Karuturi, which was prior to its collapse Kenya’s biggest flower exporter, in a statement yesterday said that it has reached an agreement with Phoenix Group for a “blend of debt and equity” that will help it to meet its current debt obligations and restart its operations. The firm has been under receivership for the past four years.
The statement did not however indicate the value of the expected investment.
Phoenix Group is said to be worth Sh200 billion. The Singaporean company is among the world’s leading rice producers.
The firm says it has operations in 22 countries including Ukraine, Kazakhstan, Uganda and Benin, and is now eyeing entry into the lucrative flower business in Kenya.
The High Court in early March gave Stanbic the greenlight to auction the Karuturi’s assets should its owners fail to settle the debt within 90 days.
“The investment comprising of a blend of debt and equity is expected to help Karuturi meet its current debt obligations and leapfrog it towards restarting its operations following the conclusion of a 4-year receivership period in Kenya,” said the firm in the statement.
Karuturi Global’s CEO, Ram Karuturi, in the statement said the new arrangement will help it settle the debt as directed by the High Court.
The judge had in his ruling observed that the owners — Surya Holdings Limited and RHEA Holdings Limited — had admitted the pre-receivership debt and the post-receiver debt had been assessed by an audit firm selected by the owners themselves.
The judge directed the firm to settle Sh410 million pre-receivership loan in 60 days.
He further directed the owners to settle Sh640 million the company owes creditors other than the bank and Sh680 million advanced to the firm by the bank after it was placed under receivership.
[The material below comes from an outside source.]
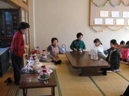 2月11日の土曜日には,福西女性会の皆さんのご協力で,生け花教室を行いました。子どもたちは,福西女性会の皆さんにアドバイスしていただきながら,生け花を楽しみました。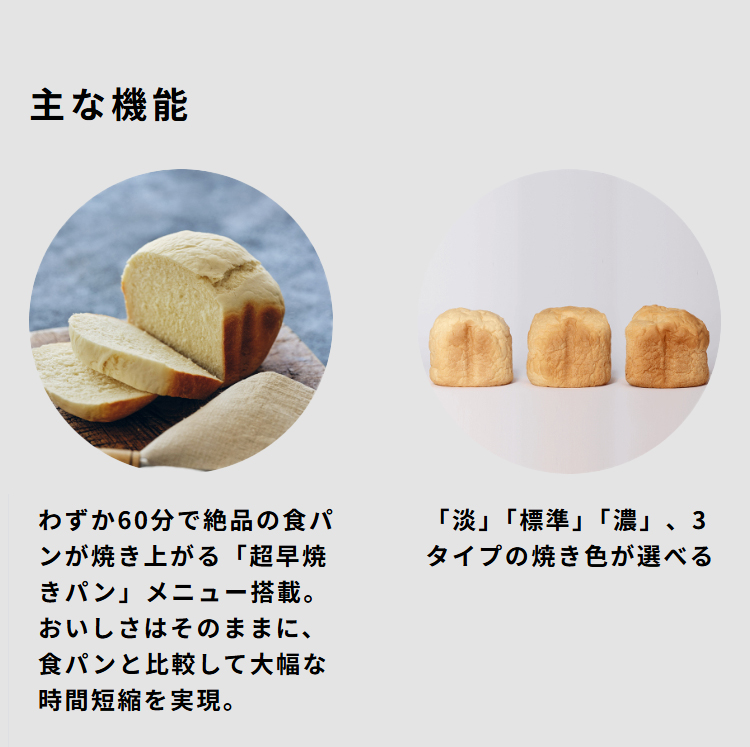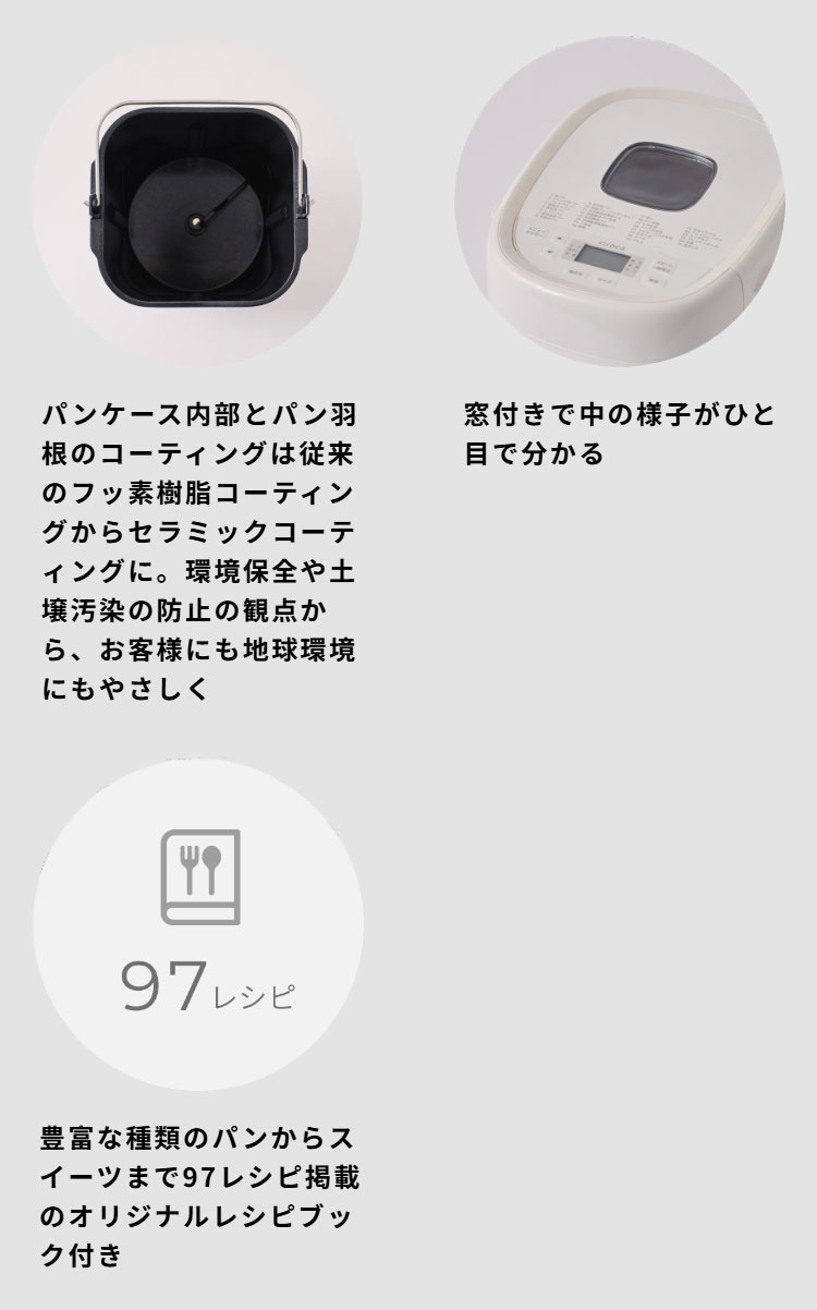 ・付属品:計量カップ、計量スプーン、パンケース、パン羽根、羽根取り棒、ヨーグルト専用容器、レシピブック

Karuturi Ltd, one of the world’s top growers of roses exporting more than one million stems annually, was put under receivership in 2014 after failing to service a Sh383 million loan from CfC Stanbic bank.
Before it sunk into receivership, the Naivasha farm was estimated to produce over 330 million roses annually for export to Europe accounting for about 10 per cent of Kenya’s cut flower exports.